▶ **Data under study**
--------------------------------------------------

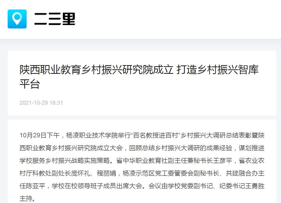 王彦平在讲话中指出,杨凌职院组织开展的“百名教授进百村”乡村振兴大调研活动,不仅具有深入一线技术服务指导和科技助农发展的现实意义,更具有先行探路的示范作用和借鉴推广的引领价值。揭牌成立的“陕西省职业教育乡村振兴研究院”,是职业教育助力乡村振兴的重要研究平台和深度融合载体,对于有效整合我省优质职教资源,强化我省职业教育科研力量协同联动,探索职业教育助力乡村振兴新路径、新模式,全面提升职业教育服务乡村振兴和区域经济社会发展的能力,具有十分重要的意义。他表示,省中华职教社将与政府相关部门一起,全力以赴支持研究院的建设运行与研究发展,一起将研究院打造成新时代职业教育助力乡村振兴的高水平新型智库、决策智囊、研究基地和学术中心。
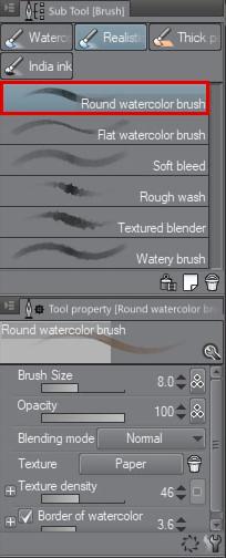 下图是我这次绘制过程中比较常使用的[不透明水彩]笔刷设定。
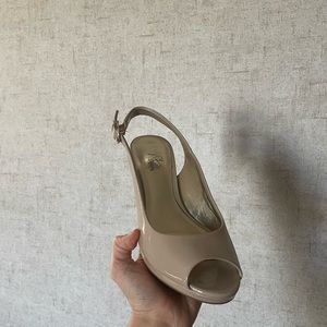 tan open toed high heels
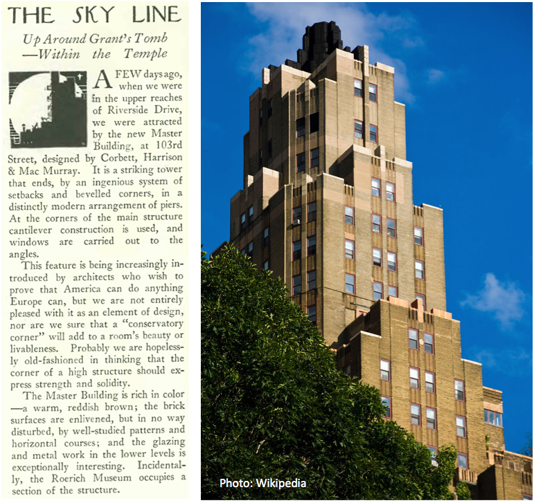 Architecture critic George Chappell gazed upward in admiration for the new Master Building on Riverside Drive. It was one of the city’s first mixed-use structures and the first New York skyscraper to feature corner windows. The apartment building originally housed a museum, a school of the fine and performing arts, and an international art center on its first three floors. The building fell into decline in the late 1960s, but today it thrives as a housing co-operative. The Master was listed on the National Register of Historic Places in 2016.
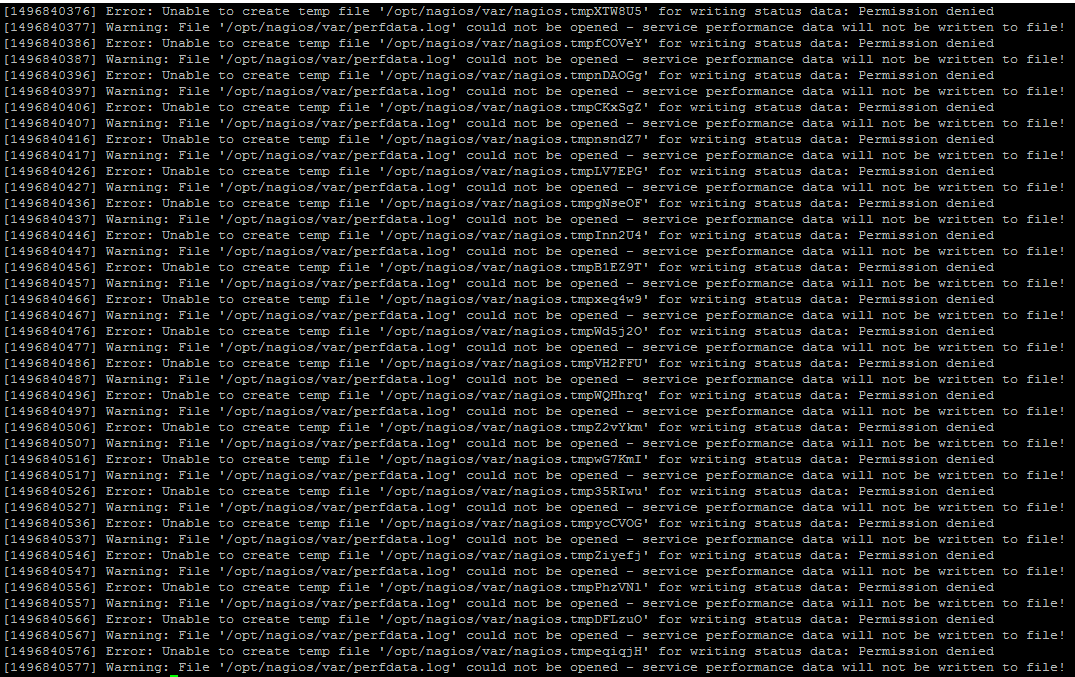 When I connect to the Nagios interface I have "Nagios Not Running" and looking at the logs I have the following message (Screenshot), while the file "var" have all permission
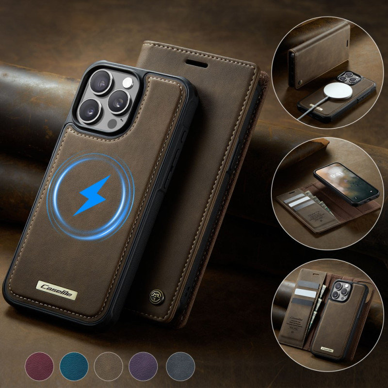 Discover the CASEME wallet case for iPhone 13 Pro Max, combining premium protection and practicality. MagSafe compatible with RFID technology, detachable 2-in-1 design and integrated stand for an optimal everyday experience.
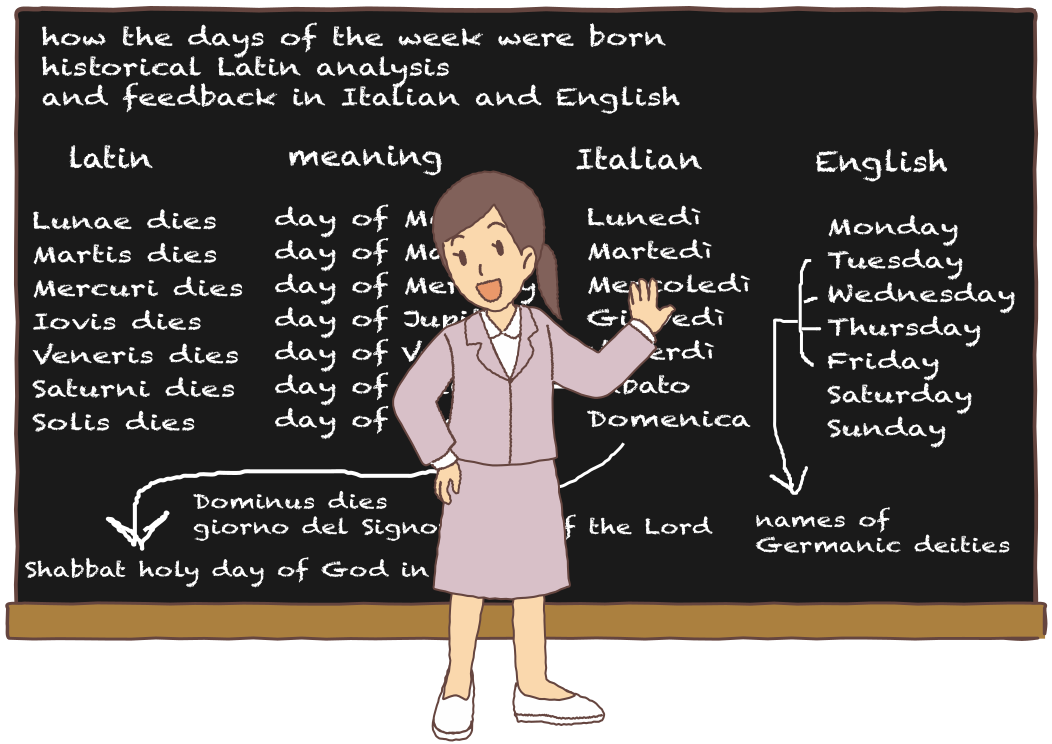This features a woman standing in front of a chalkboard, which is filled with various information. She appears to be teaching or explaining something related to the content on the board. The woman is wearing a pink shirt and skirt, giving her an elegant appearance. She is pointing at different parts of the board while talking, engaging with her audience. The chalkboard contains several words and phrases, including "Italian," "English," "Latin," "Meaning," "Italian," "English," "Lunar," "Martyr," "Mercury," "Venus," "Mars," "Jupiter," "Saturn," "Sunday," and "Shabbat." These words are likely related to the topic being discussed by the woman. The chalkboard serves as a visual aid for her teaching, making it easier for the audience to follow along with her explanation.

--------------------------------------------------

▶ **Your objective**
Quote each line of the listing exactly, but leave the pictures out.

▶ **Solution for this task**
 王彦平在讲话中指出,杨凌职院组织开展的“百名教授进百村”乡村振兴大调研活动,不仅具有深入一线技术服务指导和科技助农发展的现实意义,更具有先行探路的示范作用和借鉴推广的引领价值。揭牌成立的“陕西省职业教育乡村振兴研究院”,是职业教育助力乡村振兴的重要研究平台和深度融合载体,对于有效整合我省优质职教资源,强化我省职业教育科研力量协同联动,探索职业教育助力乡村振兴新路径、新模式,全面提升职业教育服务乡村振兴和区域经济社会发展的能力,具有十分重要的意义。他表示,省中华职教社将与政府相关部门一起,全力以赴支持研究院的建设运行与研究发展,一起将研究院打造成新时代职业教育助力乡村振兴的高水平新型智库、决策智囊、研究基地和学术中心。
 下图是我这次绘制过程中比较常使用的[不透明水彩]笔刷设定。
 tan open toed high heels
 Architecture critic George Chappell gazed upward in admiration for the new Master Building on Riverside Drive. It was one of the city’s first mixed-use structures and the first New York skyscraper to feature corner windows. The apartment building originally housed a museum, a school of the fine and performing arts, and an international art center on its first three floors. The building fell into decline in the late 1960s, but today it thrives as a housing co-operative. The Master was listed on the National Register of Historic Places in 2016.
 When I connect to the Nagios interface I have "Nagios Not Running" and looking at the logs I have the following message (Screenshot), while the file "var" have all permission
 Discover the CASEME wallet case for iPhone 13 Pro Max, combining premium protection and practicality. MagSafe compatible with RFID technology, detachable 2-in-1 design and integrated stand for an optimal everyday experience.
This features a woman standing in front of a chalkboard, which is filled with various information. She appears to be teaching or explaining something related to the content on the board. The woman is wearing a pink shirt and skirt, giving her an elegant appearance. She is pointing at different parts of the board while talking, engaging with her audience. The chalkboard contains several words and phrases, including "Italian," "English," "Latin," "Meaning," "Italian," "English," "Lunar," "Martyr," "Mercury," "Venus," "Mars," "Jupiter," "Saturn," "Sunday," and "Shabbat." These words are likely related to the topic being discussed by the woman. The chalkboard serves as a visual aid for her teaching, making it easier for the audience to follow along with her explanation.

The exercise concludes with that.